Recorded data:
□ □ □
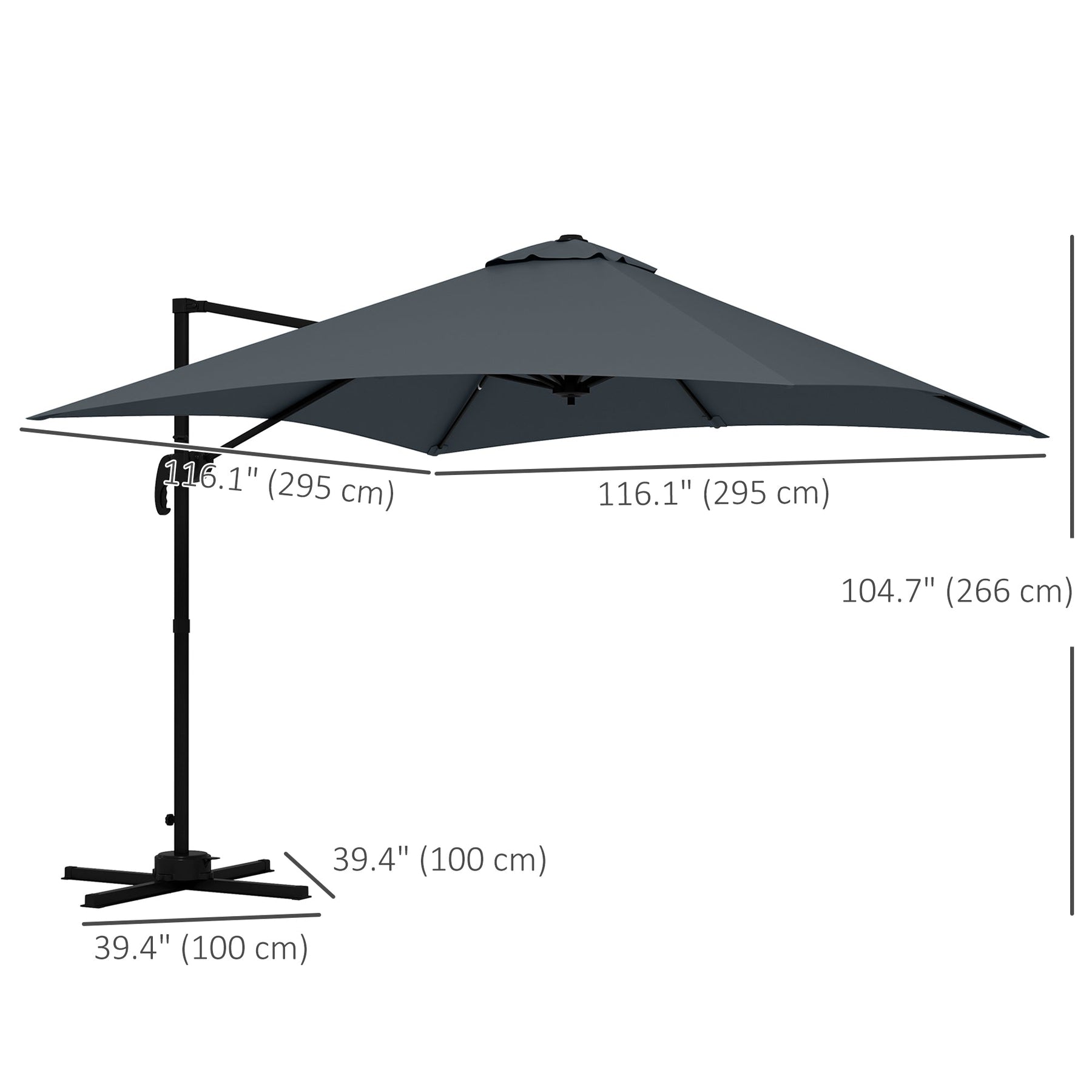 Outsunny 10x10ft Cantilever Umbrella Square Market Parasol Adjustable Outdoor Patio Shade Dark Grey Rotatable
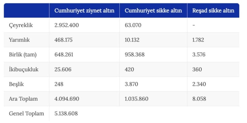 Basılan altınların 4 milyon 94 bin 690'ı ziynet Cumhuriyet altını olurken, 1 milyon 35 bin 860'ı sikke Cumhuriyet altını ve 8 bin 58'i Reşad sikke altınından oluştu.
□ □ □
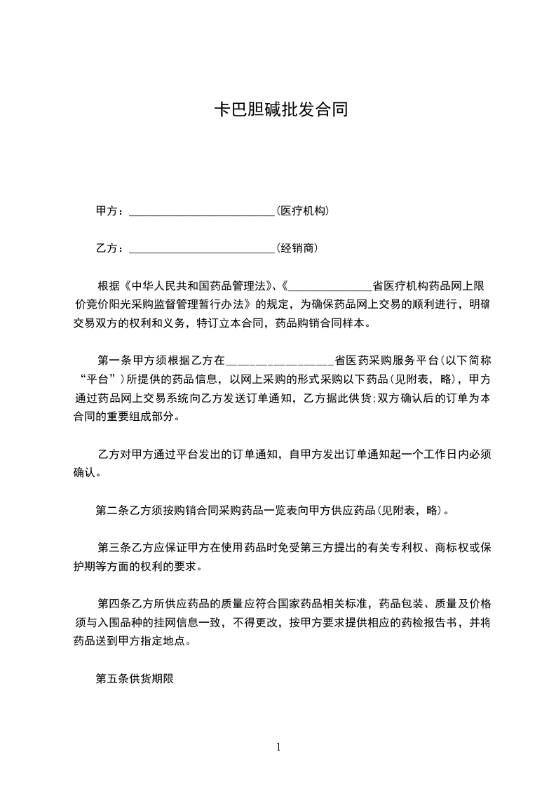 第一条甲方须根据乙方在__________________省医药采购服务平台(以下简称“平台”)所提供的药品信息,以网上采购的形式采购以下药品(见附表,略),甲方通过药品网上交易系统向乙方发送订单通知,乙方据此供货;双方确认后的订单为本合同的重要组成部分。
□ □ □
Task: Produce an exact reproduction of the listing above, limited to the lines starting at the line with "Outsunny 10x10ft Cantilever" and ending at the line with "Basılan altınların 4", both kept, with every picture left out.

Response area:
 Outsunny 10x10ft Cantilever Umbrella Square Market Parasol Adjustable Outdoor Patio Shade Dark Grey Rotatable
 Basılan altınların 4 milyon 94 bin 690'ı ziynet Cumhuriyet altını olurken, 1 milyon 35 bin 860'ı sikke Cumhuriyet altını ve 8 bin 58'i Reşad sikke altınından oluştu.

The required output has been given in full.